New Releases: 17 April
This week we’re looking at the debut solo effort from Radiohead’s lead guitarist, an album with irresistible vocals, and, befittingly for this new age of quarantine, an album recorded from an artists’ front room…
EOB – Earth
The Radiohead guitarist’s debut solo album may have come about almost by accident or with no real plan for him to do it, as he tells Long Live Vinyl in our interview this issue. Regardless, the result is a much more considered and fine-tuned affair than you may expect in such circumstances. Merging minimal electronica, acoustic melancholy, ambient soundscapes and the odd foray into indie territory, O’Brien has made an honest and considered album that’s a reflection of his diverse tastes and where he believes we’re at as a planet. It’s the slightly livelier material that comes out best here, such as the pulsing Brasil and the almost camp synth pop of Olympik.
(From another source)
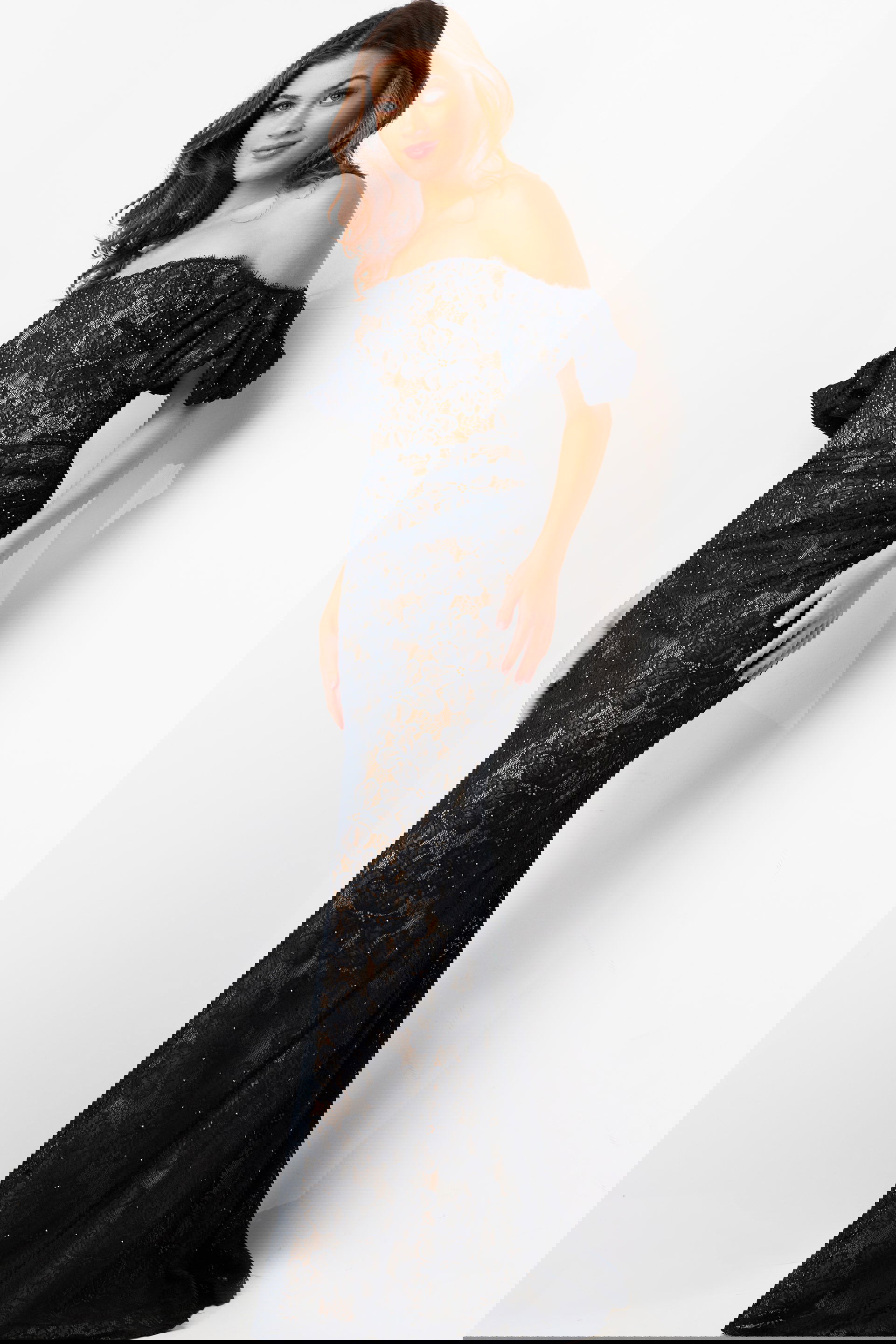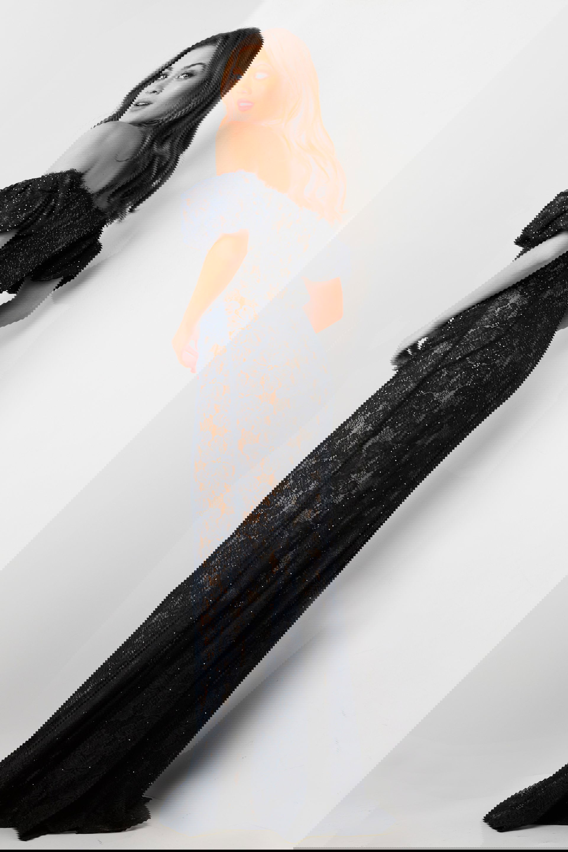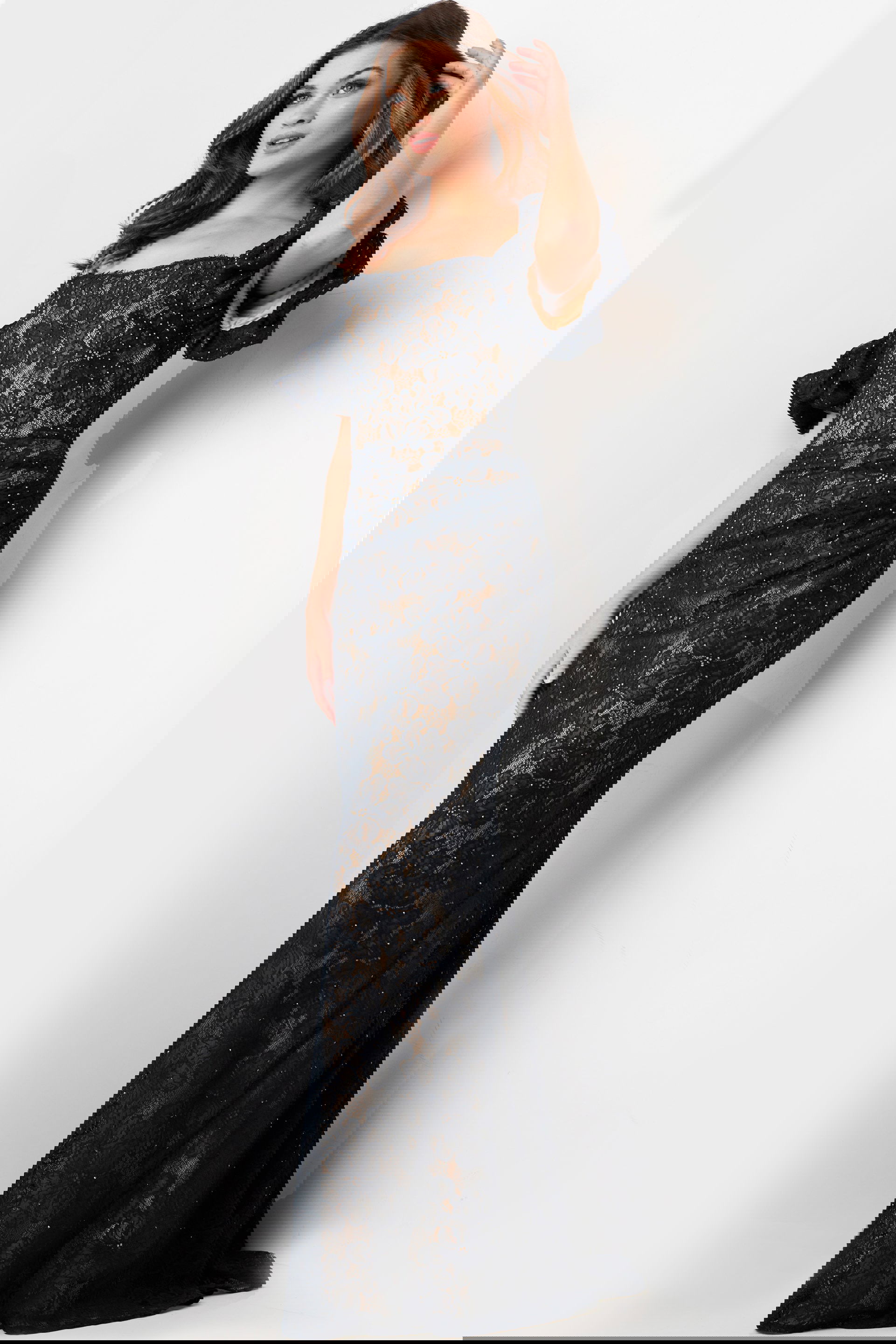 Enhancing the allure of the lace, heat-set stones adorn the fabric, adding a subtle shimmer and luxurious touch to the ensemble. Fully lined for comfort and coverage, this dress ensures a seamless fit and feel throughout the evening.

O’Brien’s voice is also a pleasant surprise; free from his backing vocals role in Radiohead, he gives himself room to shine on an impressive first solo outing.
Gregory Porter – All Rise
Gregory Porter has one of those voices which, as the cliché goes, could sing the telephone directory. Although 2017’s Nat King Cole & Me wasn’t exactly reaching for the Yellow Pages, it didn’t hit quite the same spot as his two previous self-penned mega-sellers Liquid Spirit and Take Me To The Alley. Fortunately for fans of his songwriting, All Rise is back to business, but with a twist: as Porter has it, on this album he “went big”, adding a string section, a 10-member choir and a ‘handpicked’ brass section. None of this gets in the way of Porter’s irresistible vocals, and top tunes such as Concorde and Merry Go Round already sound like future standards. The key track is Dad Gone Thing, where Porter’s rich voice combined with the obvious autobiographical sorrow, pain and triumph, is genuinely very moving.
Ron Sexsmith – Hermitage
Ron Sexsmiths’s 16th album was recorded in the front room of his new home in the Ontario countryside. Prior to this, the former Toronto resident had been slaving away at the singer-songwriter coal face for 30 years, embedding his songs in the catalogues of artists ranging from Tracey Thorn to Michael Bublé, without nabbing a hit of his own. So has a new bucolic existence affected, as the biog has it, “Canada’s foremost song and dance man”? Opening track Spring Of The Following Year starts with bird song and sees a new-found lyrical optimism; it’s gentle, slight and maybe even a little too content. Fortunately, Sexsmith’s dextrousway with a barbed word and an unexpected melodic twist soon re-emerges and by the time we reach Small Minded World, Dig Nation and You Don’t Wanna Hear It, the old Ron is back.